El autor de Los grandes cementerios bajo la luna (Pepitas de Calabaza, traductor Juan Vivanco, publicado originalmente en 1938) era católico, monárquico, nacionalista y había simpatizado con el antisemitismo y la extrema derecha, se había afanado hasta la madurez para lograr cierto reconocimiento literario y, después de presenciar las matanzas indiscriminadas de los rebeldes en Mallorca y el hundimiento de Francia ante el avance nazi, se había refugiado en Brasil. Por su parte, el autor de El mundo de ayer (Acantilado, traducción A. Orzeszek & Joan Fontcuberta, publicado originalmente 1942, ya póstumamente), había disfrutado siempre del favor del público y la crítica nacional e internacionales, mantenía una red de relaciones y amistades cosmopolitas y solo las políticas antisemitas de Adolf Hitler lo habían abocado al exilio errante, hasta su llegada a Brasil en 1941.

Aun así, aquel anochecer del verano austral, a ambos hombres los reunía un mismo destino y, a base de golpes y de ensayo-error, un mismo ideal: solo la conversación democrática podría derrotar a la barbarie. Justamente, el escritor Jaume Capó (Manacor, 1964) ha imaginado en la pieza teatral —nacida de los talleres de creación de la Sala Beckett— aquella cena. Stefan Zweig – Georges Bernanos (Mèl·loro Rosso, 2024) recrea «un diálogo sobre la cultura, la desesperanza y la dignidad en el peor momento del siglo XX, en el único encuentro de dos grandes hombres de la cultura europea». Con versiones en catalán, castellano, portugués, alemán, inglés y francés y adquirible en Amazon, la obra la estrenó el pasado septiembre la compañía La Fornal y ha girado por diferentes teatros mallorquines a la espera de concretarse otros escenarios fuera de la isla.

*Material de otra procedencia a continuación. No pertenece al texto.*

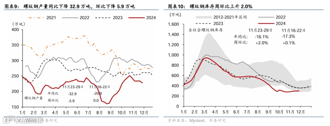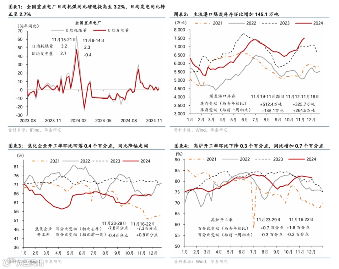上游:上周(11月23-29日)焦化开工率同比降幅走阔,环比回落,高炉开工率同比上行、环比小幅下降。11月15日-21日,全国重点电厂日均耗煤同比增速提高至3.2%,日均发电同比转正至2.7%。11月19-25日,主流港口煤炭库存环比季节性增加145.1万吨、同比增加512.4万吨。11月23-29日,全国247家样本高炉开工率环比下降0.3个百分点,高于去年同期0.7个百分点。此外,焦化企业开工率环比回落0.4个百分点,低于去年同期7.8个百分点,同比降幅较前一周小幅走阔。
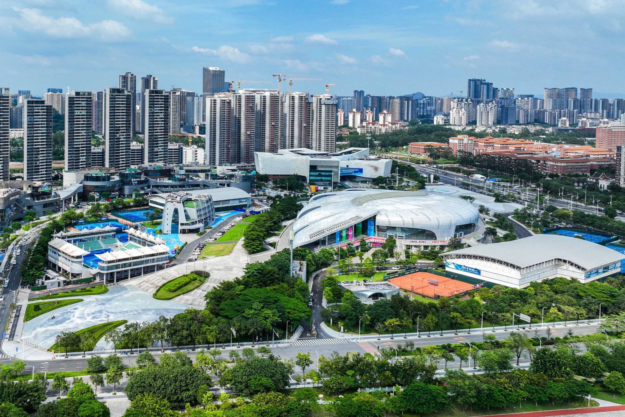 在这两项赛事举办地,海螺造型的南沙体育馆与海星状的南沙区少年宫遥相呼应,周边星罗棋布的是南沙国际网球中心的30余片专业网球场——高空俯瞰,蓝色硬地、红色红土、绿色草地交相辉映,衬以葱郁林木,宛若一片生机盎然的“海上体育绿洲”。
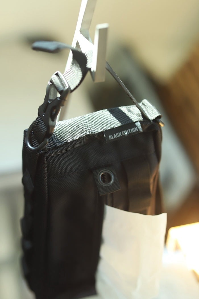 別売のハンギングチェーンやバッグなどにも横かけできるように設計。
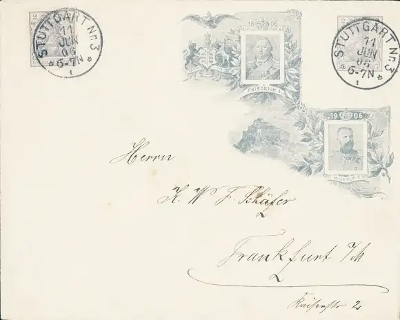 Ganzsachen Briefumschlag Stuttgart in Baden Württemberg, Friedrich I, Wilhelm II
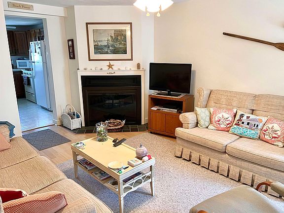 Hear the murmur of the waves and tides as you sit on your deck enjoying the cool breezes and sweeping views of the Atlantic! This meticulously maintained Seabreeze condominium offers one floor living with features that include a primary bedroom with sliders to deck, generous sized living room with fireplace and sliders to deck, additional bedroom, eat-in kitchen, laundry area and full bath. The unit has an intercom system, security entrance and front and rear exits. Large parking lot with two parking spaces along with two guest spaces. Pets are allowed with approval. 2 week minimum for rentals. Fantastic location for easy in and out, yet minutes to all conveniences and just steps to the beach. Great turn-key year round home or vacation getaway! Agent is related to the seller.
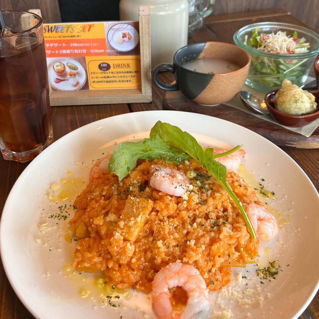 「ぷりぷりエビと青パパイアのトマトクリームリゾット」¥1,780
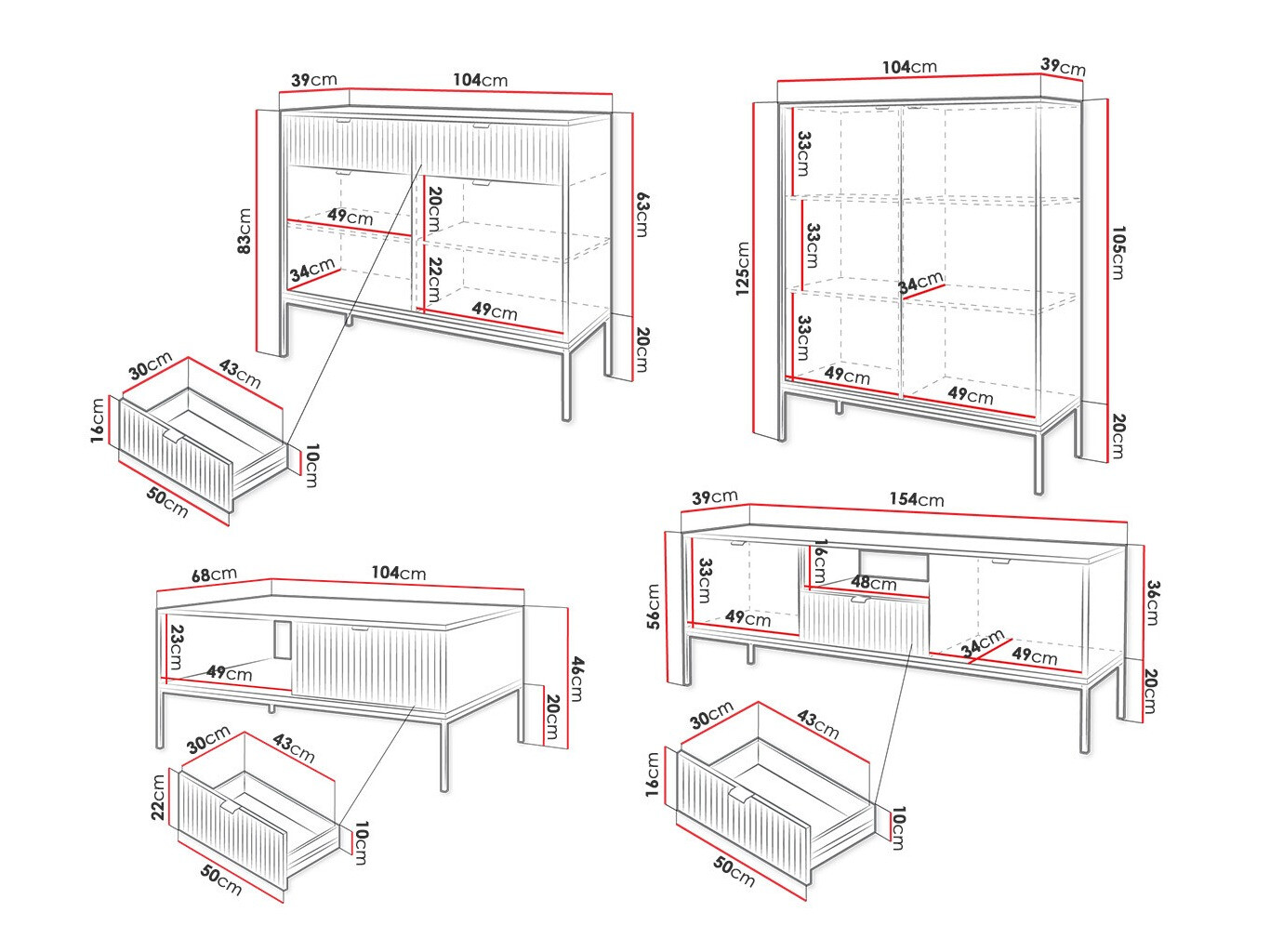 Komód méretek:
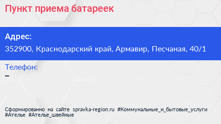 Пункт приема батареек по адресу 352900, Краснодарский край, Армавир, Песчаная, 40/1 в дальнейшем Организация, размещена в следующих категориях:
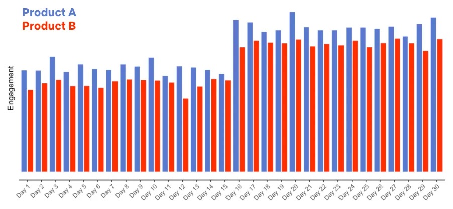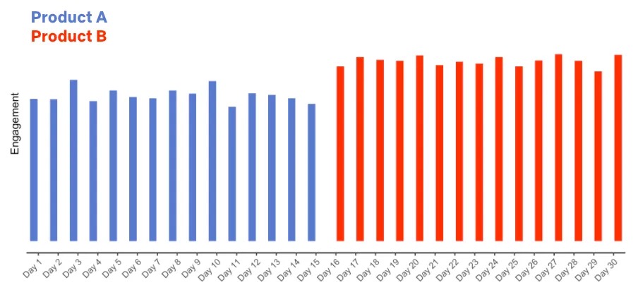⇒ 거꾸로된 UI(Product B)가 참여도 감소를 초래했을 가능성이 높다.

La compañía La Formal estrena la pieza teatral ‘Stefan Zweig – Georges Bernanos’ de Jaume Capó, con Òscar Intente en el papel de Zweig y Joan Gomila en el de bernanos. Fotografía de Giralluna Audiovisuals. La Formal d’Espectacles.
Aventuras turbulentas

En un momento dado del largo e intenso diálogo, el austríaco dice: «Nosotros, para quienes la cultura del espíritu es la pasión. Que, por descontado, no podemos salvar el mundo […]»; y el francés le responde: «De nosotros se esperan unas ideas liberadoras que lleven a todas partes una señal de insurrección del espíritu». Como si quisiera dar respuesta a las palabras de Bernanos, Erica Benner (1962) acaba de publicar Aventuras en democracia. El turbulento mundo del poder popular (Crítica, traducción de Yolanda Fontal, 2024) donde la filosofía política —su disciplina— se mezcla con su experiencia vital. A pesar de ser una académica británica, nació en Japón, se formó en el Reino Unido y en los Estados Unidos, y ha vivido en varios países, estableciendo relaciones académicas y personales con gente de todos los continentes.

A partir de este bagaje, Benner sabe sacar partido de su formación de élite, de sus experiencias y de sus múltiples contactos para construir un relato en primera persona que resulta un ejemplo de erudición divulgativa. Desde las lecciones clásicas de la Antigüedad (Grecia y Roma) hasta las cuestiones más candentes de nuestro presente inmediato, mezcla biografía e historia, mixtura filosofía política y libro de viajes… Este estilo propio le permite hablarnos de sus relaciones de pareja o de las vicisitudes familiares sin caer en un exhibicionismo estéril, sino muy trabado con las investigaciones y ejemplos sobre los defectos de las democracias y, a pesar de todo, de sus grandezas.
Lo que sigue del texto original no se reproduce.